Although the majority of races in the V8 Supercar series are run in Australia, Team Kiwi Racing was the only team to be headquartered in New Zealand. Their offices are in Auckland, New Zealand while the team rented space to base their Supercar team out of workshops in both Queensland and Victoria, depending on which team they were aligning with for that coming season. When racing a Ford the team based in Victoria and when racing a Holden the team based in Queensland. For much of the second half of their V8 Supercar tenure the team formed a strategic alliances with PMM in Queensland and multi car team FPR in Melbourne in an attempt to improve on track results via multi car partnerships.

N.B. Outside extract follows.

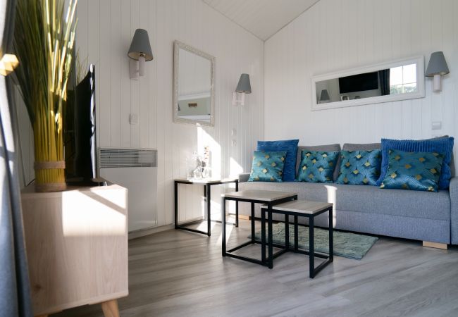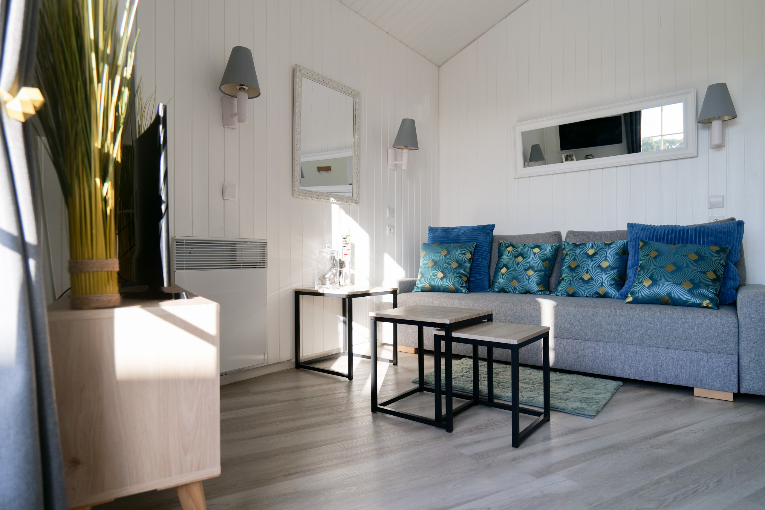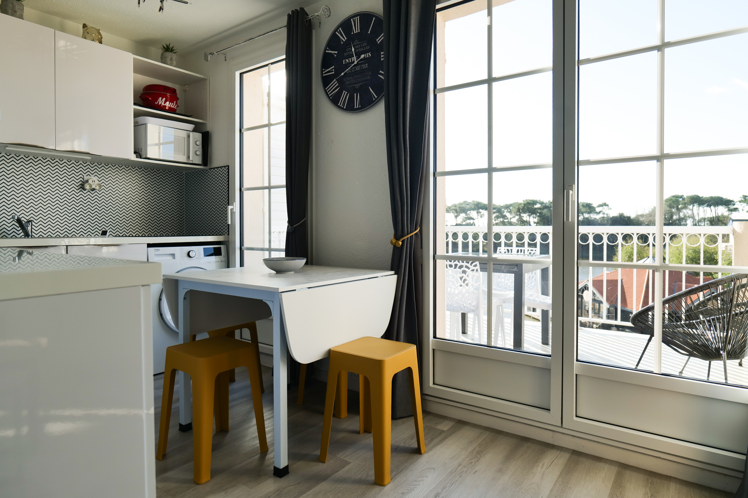 • Une pièce principale lumineuse avec canapé-lit convertible (140 cm), espace repas et TV.

The ability of the team to operate became clouded after bankruptcy proceedings where incorrectly placed against Sole Team Owner, David John in New Zealand. The Bankruptcy proceedings were quickly annulled highlighting the news information circulating and initial bankruptcy proceedings may not have been 100% correctly applied. The annulment means David John was effectively never bankrupted but damage had been done to Mr John.

Despite this and all the time and focus that goes with having to defending himself as above, Mr John and the team attended the 2009 pre-season test at Queensland Raceway in preparation for another full season in the Supercars Championship. N John's bankruptcy was later annulled in November 2009 - 

In 2009, after the second round in Hamilton, New Zealand; the team's REC was bought out by driver, Dean Fiore and a new team established named Triple F Racing ending TKR's involvement in V8 Supercar.

History
Team Kiwi Racing is a New Zealand-based motorsport team that has achieved plenty as a team and for Kiwi drivers since their debut in 1999, both on the domestic New Zealand and International Motorsport stages. Debuting in 1999 with a two car team in the New Zealand 2.0L Touring Car championship, Team Kiwi Racing built two P11 Nissan Primera's to take on the BMW Factory backed team that had dominated the New Zealand 2.0L Touring Car Championship for many years. TKR Owner David John secured the services of Jason Richards and Angus Fogg as the selected drivers for the team and each driver was also employed as full-time staff. Richards helped with the promotions and marketing while Fogg was in charge of building the team's Nissan Primera race cars. Team Kiwi Racing announced their arrival in style on debut in the New Zealand 2.0L Touring Car Championship with the TKR Nissan Primera's taking home first position (Jason Richards) and second position (Angus Fogg) in the championship ending the dominance of the factory BMW team. Team Kiwi Racing went on to achieve back to back championship titles in 2000 with Jason Richards winning the 2.0L Touring Car Championship again for TKR while Angus Fogg came home in third place.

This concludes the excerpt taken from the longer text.